Selon le journal Napoli Today, certains disent que la puttanesca a été inventée par le propriétaire d’un bordel aux portes de Rome, d’autres par le propriétaire d’un bordel du quartier espagnol de Naples, d’autres encore que son nom fait référence au vert, au rouge et au violet de la sauce, toutes les couleurs des sous-vêtements portés par les femmes travaillant dans ces bordels, et d’autres encore qu’elle a été inventée par une travailleuse du sexe nommée Yvette la Francese, qui lui a donné le nom de son métier.
Mais il y a quelques problèmes avec cette théorie du bordel. Tout d’abord, les ingrédients sont tellement communs et faciles à assembler que ses origines supposément colorées semblent un peu farfelues. Par exemple, dans le livre Cucina Teorico-Pratica (« Cuisine théorique-pratique ») d’Ippolito Cavalcanti, datant du XIXe siècle, il est fait mention de vermicelles aux câpres, olives et anchois, qui sont considérés comme l’un des fondements de la tradition culinaire napolitaine moderne.
L’autre question est de savoir quand le nom apparaît pour la première fois. La première référence à la sauce puttanesca que j’ai pu trouver se trouve dans un guide gastronomique et œnologique publié en 1932 par l’organisation touristique italienne Touring Club. Mais dans ce livre, le plat est appelé maccheroni alla marinara. Dans le roman Blessé à mort de Raffaele La Capria, paru en 1961, soit trois ans après l’interdiction des maisons closes en Italie, il est décrit comme un plat sicilien.

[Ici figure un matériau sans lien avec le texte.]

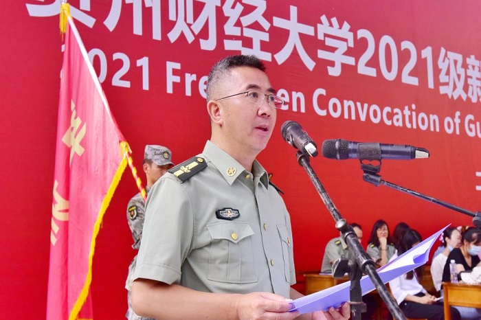 校党委副书记朱克乾宣读成立“贵州财经大学2021年学生军训师的通知”任命文件。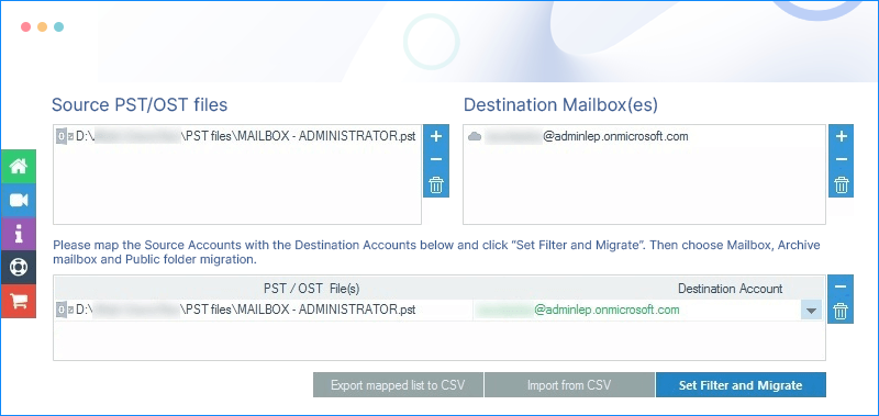 步骤 4:选择单个/存档邮箱,并将源邮箱映射到目标邮箱。选择“设置筛选器”并“迁移”。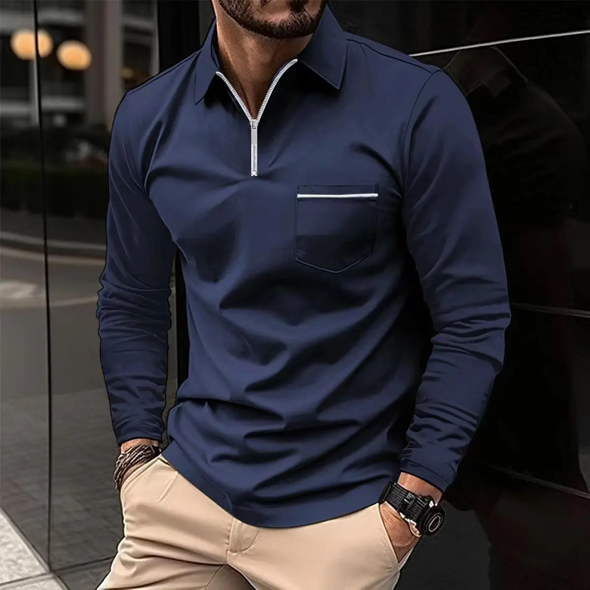This polo shirt is an excellent choice for casual outings. The solid color and zip-up collar make it versatile for various occasions. The polyester-cotton blend ensures comfort and breathability, making it suitable for the warmer months. 🌟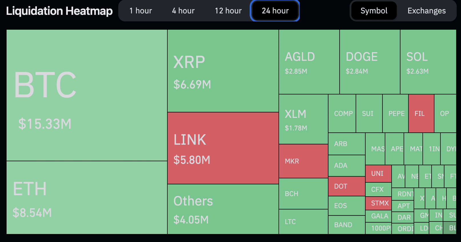 As liquidações, por outro lado, tiveram alta de 1,54% e abriram o dia com um volume total de US$ 66,7 milhões, com a maior parte (US$ 48 milhões) atingindo posições compradas. Novamente, Bitcoin e Ether lideraram as perdas causando grandes prejuízos a quem apostou em novas altas.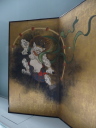 国宝 狩野永徳 檜図屏風 細部に永徳の伸びやかさに欠ける図案化されて表現が見られる さあどうでありましょうか 迫力は十分です。 我が家の3月の三人官女の飾り屏風に購入いたしました。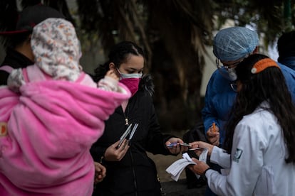 Méndez se ha traído una gruesa chamarra roja por si la espera vuelve a eternizarse y le acompaña su abuela Blanca Estela Vélez. Antigua enfermera en el IMSS, ella ha venido a intentar agilizar el trámite, sin mucho éxito. “Me dan ganas de regresar a trabajar aquí para organizar esto, porque hace falta. ¿Cómo es posible que tengan a los positivos formados con los que no lo son?”, pregunta, abriendo mucho los ojos. En la fila, los que buscan la incapacidad y los que van a hacerse la prueba se lanzan miradas incómodas y maniobran para mantenerse a distancia.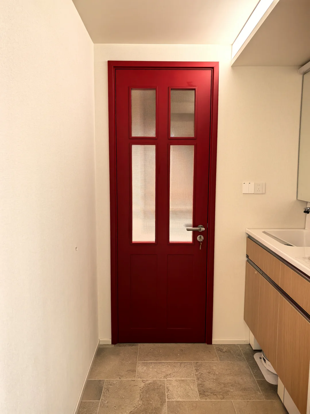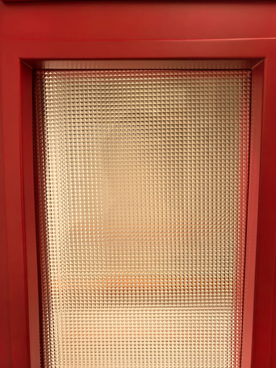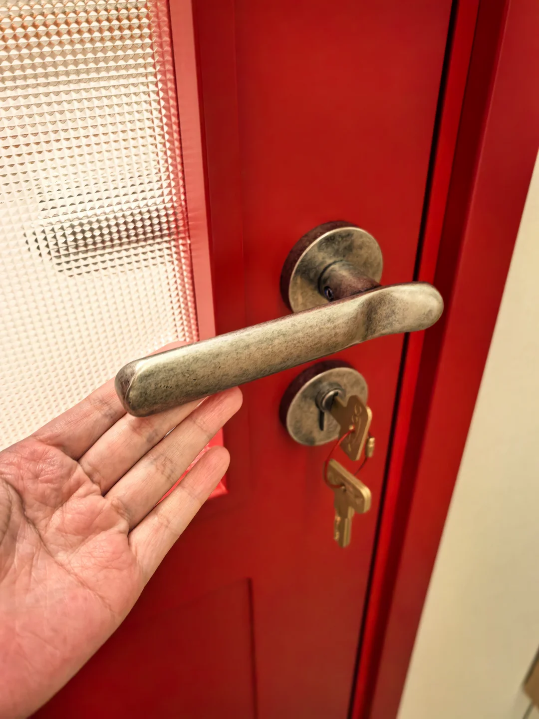 老板说问题解决不了,只要是做这种水晶玻璃的都这样。连展厅的玻璃也是歪的🤷♂️问我要不要换水波纹的,不想换…就是喜欢这种低调的小格子… 有点美中不足 有点心痛 有点逼死强迫症。 但总的来说,这个门在我们家外围是和谐的。漂亮的五金,很正的红色,与绿砖非常相配,和樱桃木的窗台也很搭。 我还能说什么呢,装修就是一场修行,治好了每个强迫症[叹气R]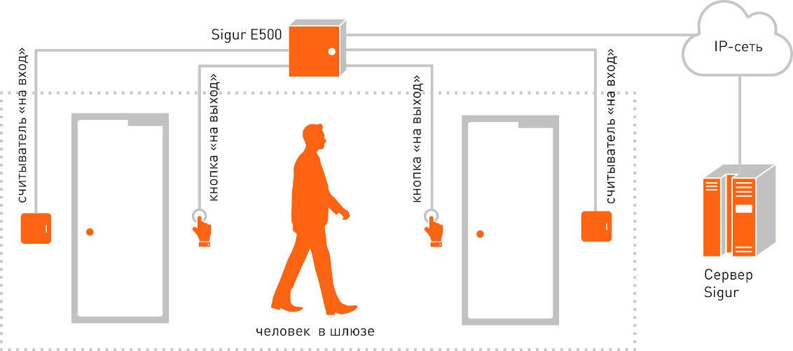 Логика работы контроллера Sigur позволяет организовать шлюзовой тамбур на базе двух дверей (при активации определенных настроек) или подключить к нему готовую шлюзовую кабину.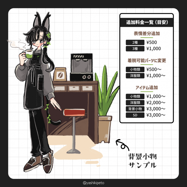 コミッション(オーダーメイド)ではない既に完成しているオリジナル商品の販売に適した出品方法です。 販売人数を一人限定や複数人など選択可能であり、納品作業も自動で行うことができます。 SNS用イラストやアイコンはもちろん、TRPG用立ち絵、Vtuber用モデル、Live2Dのモデリングデータ等様々な用途の出品に利用できます。 ※AIチェック項目がありますので必ず確認してください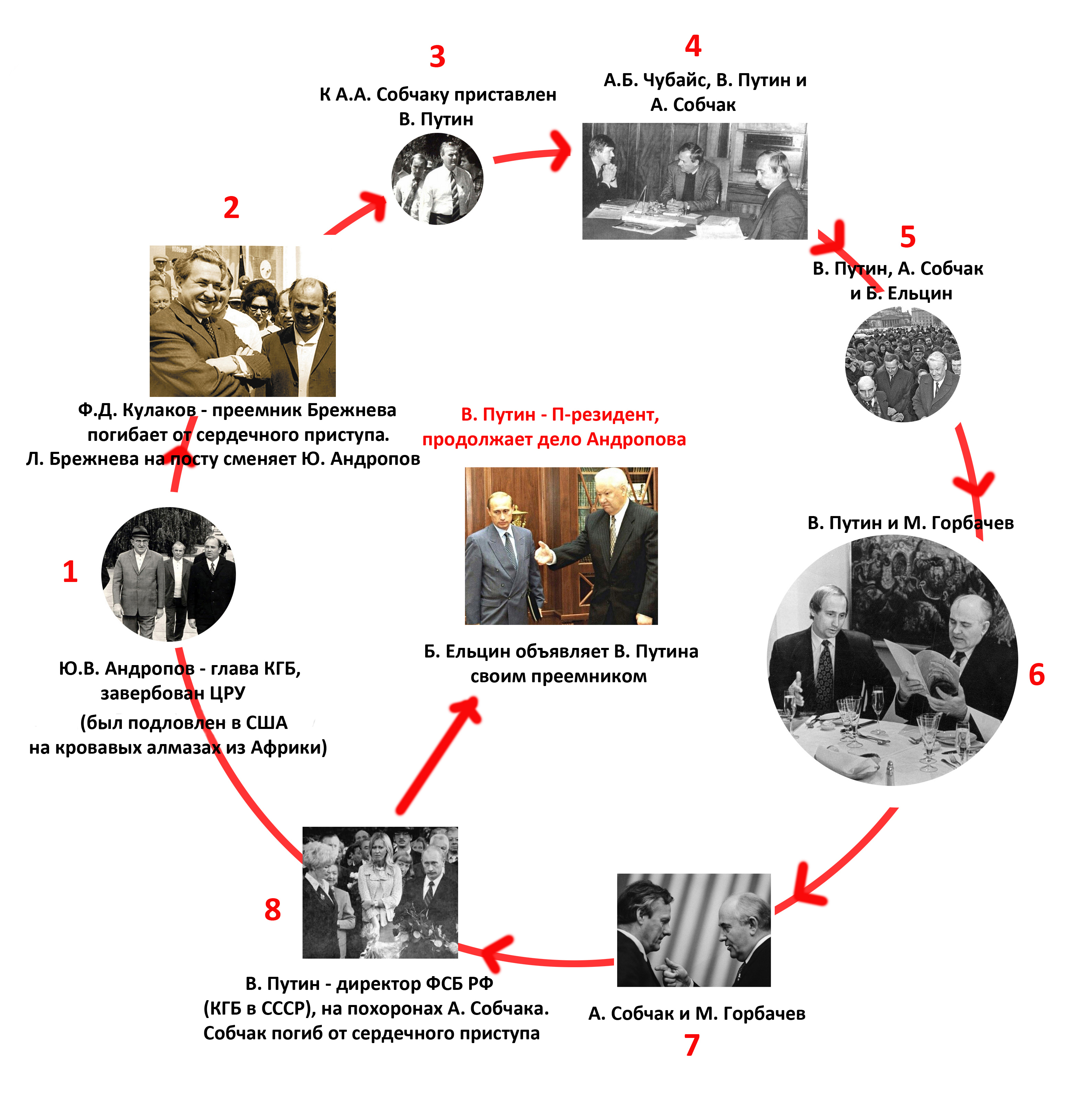 В. В. Путин бросил блестящую карьеру чекиста-разведчика. В ГДР зафиксирован контакт с «коллегами». У Кучмы и за рубежом активно выкупал компромат на себя, не пошел на родную кафедру Вуза, а оказался рядом с А. Собчаком.

Les hypothèses les plus récentes sur l’origine du nom nous conduisent à Ischia, une magnifique île méditerranéenne au large de Naples. Le livre La Cucina Napoletana (« La cuisine napolitaine »), publié en 1977 par Jeanne Carola Francesconi, attribue l’invention du plat à un peintre local nommé Eduardo Colucci, qui invitait souvent des amis sur son île natale et leur préparait sa spécialité, les maccheroni alla puttanesca.
Un article paru en 2005 dans un journal local affirme que la sauce a été créée dans les années 1950 par le neveu de Colucci, l’architecte et jet setter Sandro Petti. Il était propriétaire du restaurant Il Rancio Fellone et a affirmé qu’un soir, il a improvisé un dîner rapide pour ses invités en rassemblant des « trucs au hasard » – ou una puttanata, comme on dit en italien, une expression courante qui se traduit littéralement par « une action de pute ». Cette théorie est également soutenue par l’écrivain culinaire Jeremy Parzen.
L’expression « puttanata » n’est pas exactement une aberration dans la langue italienne – de nombreux jurons italiens font référence aux femmes, à leurs organes génitaux et au travail du sexe. Si ce type de langage est de plus en plus considéré comme dépassé en anglais, ces discussions ne font que commencer en Italie. Si les féministes italiennes utilisent désormais des traductions de mots anglais pour faire référence au travail du sexe de manière non stigmatisante, la plupart des expressions faisant référence au travail du sexe sont négatives et encore très courantes dans le vocabulaire italien.